• Your instructions: Transcribe the data verbatim and drop its images.

Data section Block Start

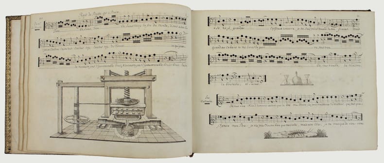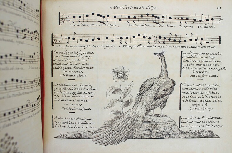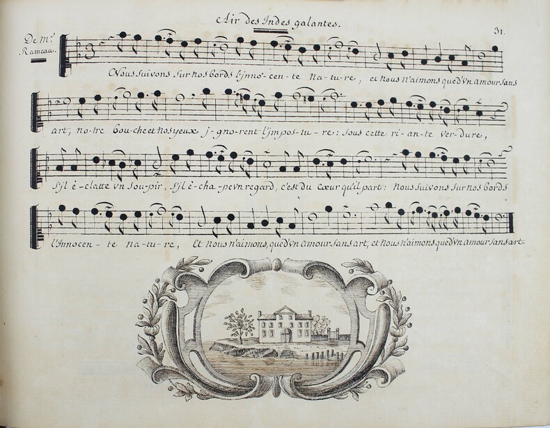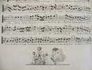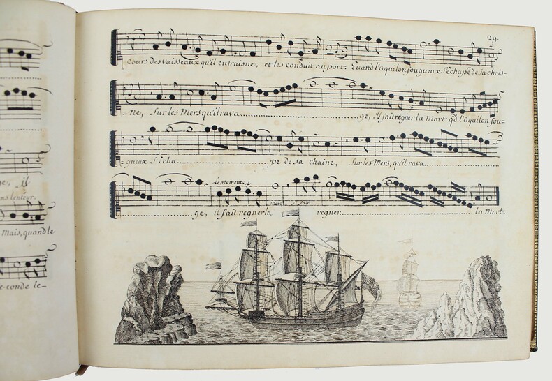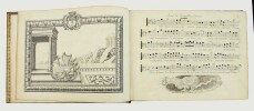 Magnifique manuscrit, oeuvre d'un calligraphe professionnel. C'est un recueil d'airs de musique illustré d'innombrables dessins à la plume. Parmi tous les compositeurs, Jean-Philippe Rameau, alors au sommet de sa gloire, y figure en première place par le nombre d'extraits de musique que l'on y trouve : les Indes Galantes, Dardanus, Hippolyte et d'Aricie, Zaïs, Pygmalion ... Ces deux derniers opéras avaient été joués pour la première fois l'année précédente. Et aussi l'Amadis de Lully, des airs de vaudevilles, des chansons à boire, les cantates de la Musette et de Medée, de Clerambault, et des airs de musiciens moins connus aujourd'hui comme Bertin, Mouret, Rochard, de La Garde, de Monteclair... Il n'y a pas d'ordre apparent dans la suite des airs contenus dans ce recueil, ce sont des "airs choisis" comme il est inscrit sur la pièce de titre de la reliure. On trouve au recto et au verso du premier feuillet les armes du commanditaire de cet ouvrage : Girard de Vannes. Il s'agit de Pierre-Jacques Girard de Vannes (1705-1767) lieutenant des maréchaux de France pour le Nivernais, puis conseiller à la Chambre des Comptes et grand-Bailli d'épée du Nivernais. (Armorial du Nivernais, tome II, planche XVII). La belle reliure en maroquin, aux gardes de papier étoilé peut-être attribué à Derome. La date de Mai 1749 figure à la fin, avant une table alphabétique. La pagination passe par erreur de 59 à 80 sans manque. Charnière frottée. Très bel exemplaire de ce manuscrit étonnant par le raffinement de ses dessins. in-4 oblong, [176 x 235 mm] de (2), 170 [i. e. 150], (8) pp. Maroquin noir, encadrements de filets dorés avec fleuron aux angles sur les plats, dos à nerfs orné, tranches dorées. (Reliure de l'époque.) - - - - - - - - - - - - - - - - - - - - A splendid manuscript, the work of a professional calligrapher. It is a collection of musical arias illustrated with countless pen-and-ink drawings. Of all the music composers, Jean-Philippe Rameau, then at the height of his fame, is at the top of the list in terms of the number of musical excerpts included: Les Indes Galantes, Dardanus, Hippolyte et d'Aricie, Zaïs, Pygmalion... These last two operas had been performed for the first time the previous year. And also Lully's Amadis, vaudeville arias, chansons à boire, Clerambault's cantatas de la Musette et de Medée, and arias by lesser-known musicians such as Bertin, Mouret, Rochard, de La Garde, de Monteclair... There is no apparent order to the arias contained in this collection; they are "airs choisis" (chosen arias), as inscribed on the title-piece of the binding. On the front and back of the first leaf are the arms of the book's patron: Girard de Vannes. This was Pierre-Jacques Girard de Vannes (1705-1767), lieutenant of the marshals of France for the Nivernais region, then counselor to the Chambre des Comptes and Grand-Bailli d'épée du Nivernais. (Armorial du Nivernais, tome II, plate XVII). The fine morocco binding, with starred paper endpapers, may be attributed to Derome. The date 'May 1749' appears at the end, before an alphabetical table. The pagination erroneously skips from 59 to 80, with no gaps. A very fine copy of this surprisingly refined manuscript. . -
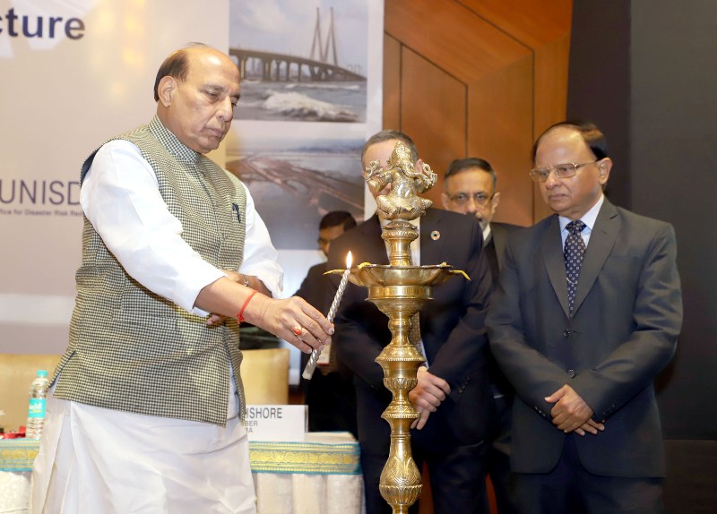The Union Home Minister, Rajnath Singh lighting the lamp to inaugurate the International Workshop on Disaster Resilient Infrastructure (IWDRI), in New Delhi on January 15, 2018. The Additional Principal Secretary to the Prime Minister, P.K. Mishra is also seen.
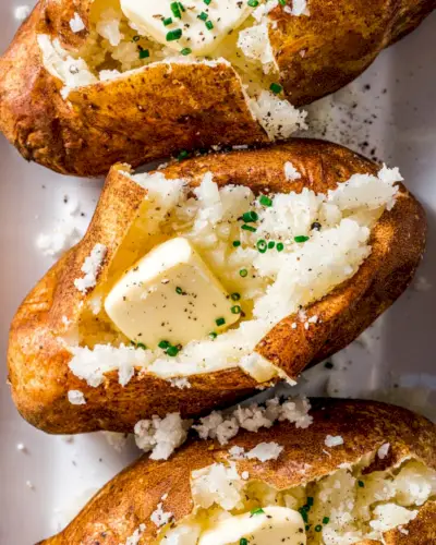 Quando se trata de acompanhamentos de batata, não há nada como a Batata Assada. Caramba, também funciona como uma ideia fácil para o jantar! Encha-o com coberturas e você terá um jantar farto. Veja exatamente como assar uma batata no forno: ela fica crocante por fora, fofa por dentro e ideal para carregar com coberturas de todos os tipos! A maneira mais fácil? Coloque creme de leite e cebolinha.
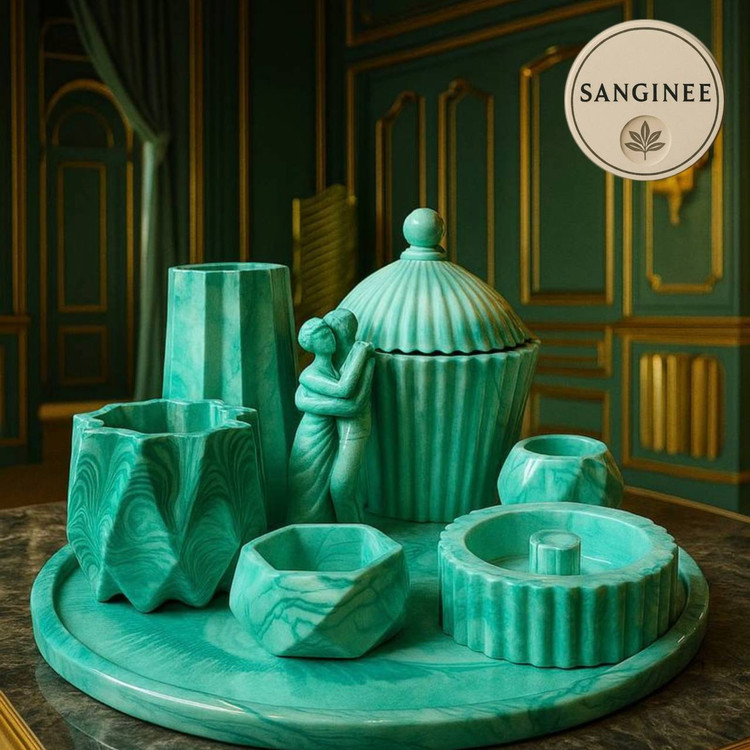 ست سنگ مصنوعی SANGINEE یک مجموعه لوکس و چشمنواز است که برای دکور مدرن و کلاسیک طراحی شده. این ست شامل سینی سنگی, جاکاردنی, گلدان کوچک, جاشمعی, ظرف دربدار, و زیرسیگاری سنگی است. طرح موجی و رنگ خاص سنگ مصنوعی، جلوهای متفاوت به میز پذیرایی، کنسول یا فضای نشیمن میدهد.
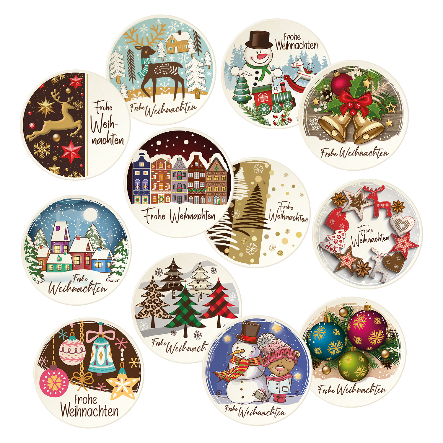 12 St. Dekorschilder Frohe Weihnachten , sortiert
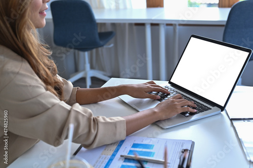 Businesswoman sitting at her office desk and using laptop computer.
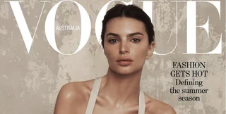 На обложке Vogue Австралия Ратаковски предстала в бежевом топе и с меховой накидкой. Ее волосы были собраны в аккуратную прическу, а на лице визажисты сделали легкий макияж с акцентом на глаза. Она смотрела прямо в объектив камеры.
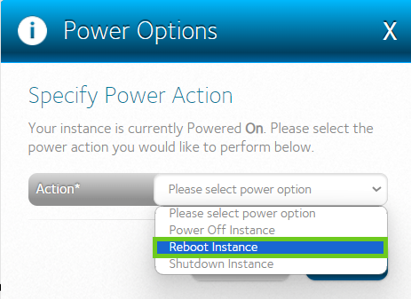 - Select ‘Reboot Instance’ to perform a reboot on the server.
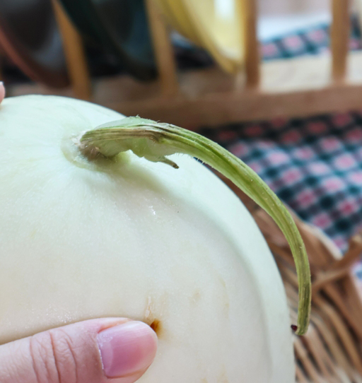 멜론 꼭지가 살짝 마른 것과 꼭지 반대 부분의 배꼽 부분을 눌렀을 때 말랑한 것이 잘 후숙된 멜론입니다. 바로 멜론을 먹고자 한다면 이러한 것을 골라오면 되지만 보통 멜론을 구입했을 땐 딱딱한 경우가 많죠.

Data section Block End

• Response for this exercise:
 Magnifique manuscrit, oeuvre d'un calligraphe professionnel. C'est un recueil d'airs de musique illustré d'innombrables dessins à la plume. Parmi tous les compositeurs, Jean-Philippe Rameau, alors au sommet de sa gloire, y figure en première place par le nombre d'extraits de musique que l'on y trouve : les Indes Galantes, Dardanus, Hippolyte et d'Aricie, Zaïs, Pygmalion ... Ces deux derniers opéras avaient été joués pour la première fois l'année précédente. Et aussi l'Amadis de Lully, des airs de vaudevilles, des chansons à boire, les cantates de la Musette et de Medée, de Clerambault, et des airs de musiciens moins connus aujourd'hui comme Bertin, Mouret, Rochard, de La Garde, de Monteclair... Il n'y a pas d'ordre apparent dans la suite des airs contenus dans ce recueil, ce sont des "airs choisis" comme il est inscrit sur la pièce de titre de la reliure. On trouve au recto et au verso du premier feuillet les armes du commanditaire de cet ouvrage : Girard de Vannes. Il s'agit de Pierre-Jacques Girard de Vannes (1705-1767) lieutenant des maréchaux de France pour le Nivernais, puis conseiller à la Chambre des Comptes et grand-Bailli d'épée du Nivernais. (Armorial du Nivernais, tome II, planche XVII). La belle reliure en maroquin, aux gardes de papier étoilé peut-être attribué à Derome. La date de Mai 1749 figure à la fin, avant une table alphabétique. La pagination passe par erreur de 59 à 80 sans manque. Charnière frottée. Très bel exemplaire de ce manuscrit étonnant par le raffinement de ses dessins. in-4 oblong, [176 x 235 mm] de (2), 170 [i. e. 150], (8) pp. Maroquin noir, encadrements de filets dorés avec fleuron aux angles sur les plats, dos à nerfs orné, tranches dorées. (Reliure de l'époque.) - - - - - - - - - - - - - - - - - - - - A splendid manuscript, the work of a professional calligrapher. It is a collection of musical arias illustrated with countless pen-and-ink drawings. Of all the music composers, Jean-Philippe Rameau, then at the height of his fame, is at the top of the list in terms of the number of musical excerpts included: Les Indes Galantes, Dardanus, Hippolyte et d'Aricie, Zaïs, Pygmalion... These last two operas had been performed for the first time the previous year. And also Lully's Amadis, vaudeville arias, chansons à boire, Clerambault's cantatas de la Musette et de Medée, and arias by lesser-known musicians such as Bertin, Mouret, Rochard, de La Garde, de Monteclair... There is no apparent order to the arias contained in this collection; they are "airs choisis" (chosen arias), as inscribed on the title-piece of the binding. On the front and back of the first leaf are the arms of the book's patron: Girard de Vannes. This was Pierre-Jacques Girard de Vannes (1705-1767), lieutenant of the marshals of France for the Nivernais region, then counselor to the Chambre des Comptes and Grand-Bailli d'épée du Nivernais. (Armorial du Nivernais, tome II, plate XVII). The fine morocco binding, with starred paper endpapers, may be attributed to Derome. The date 'May 1749' appears at the end, before an alphabetical table. The pagination erroneously skips from 59 to 80, with no gaps. A very fine copy of this surprisingly refined manuscript. . -
The Union Home Minister, Rajnath Singh lighting the lamp to inaugurate the International Workshop on Disaster Resilient Infrastructure (IWDRI), in New Delhi on January 15, 2018. The Additional Principal Secretary to the Prime Minister, P.K. Mishra is also seen.
 Quando se trata de acompanhamentos de batata, não há nada como a Batata Assada. Caramba, também funciona como uma ideia fácil para o jantar! Encha-o com coberturas e você terá um jantar farto. Veja exatamente como assar uma batata no forno: ela fica crocante por fora, fofa por dentro e ideal para carregar com coberturas de todos os tipos! A maneira mais fácil? Coloque creme de leite e cebolinha.
 ست سنگ مصنوعی SANGINEE یک مجموعه لوکس و چشمنواز است که برای دکور مدرن و کلاسیک طراحی شده. این ست شامل سینی سنگی, جاکاردنی, گلدان کوچک, جاشمعی, ظرف دربدار, و زیرسیگاری سنگی است. طرح موجی و رنگ خاص سنگ مصنوعی، جلوهای متفاوت به میز پذیرایی، کنسول یا فضای نشیمن میدهد.
 12 St. Dekorschilder Frohe Weihnachten , sortiert
 Businesswoman sitting at her office desk and using laptop computer.
 На обложке Vogue Австралия Ратаковски предстала в бежевом топе и с меховой накидкой. Ее волосы были собраны в аккуратную прическу, а на лице визажисты сделали легкий макияж с акцентом на глаза. Она смотрела прямо в объектив камеры.
 - Select ‘Reboot Instance’ to perform a reboot on the server.
 멜론 꼭지가 살짝 마른 것과 꼭지 반대 부분의 배꼽 부분을 눌렀을 때 말랑한 것이 잘 후숙된 멜론입니다. 바로 멜론을 먹고자 한다면 이러한 것을 골라오면 되지만 보통 멜론을 구입했을 땐 딱딱한 경우가 많죠.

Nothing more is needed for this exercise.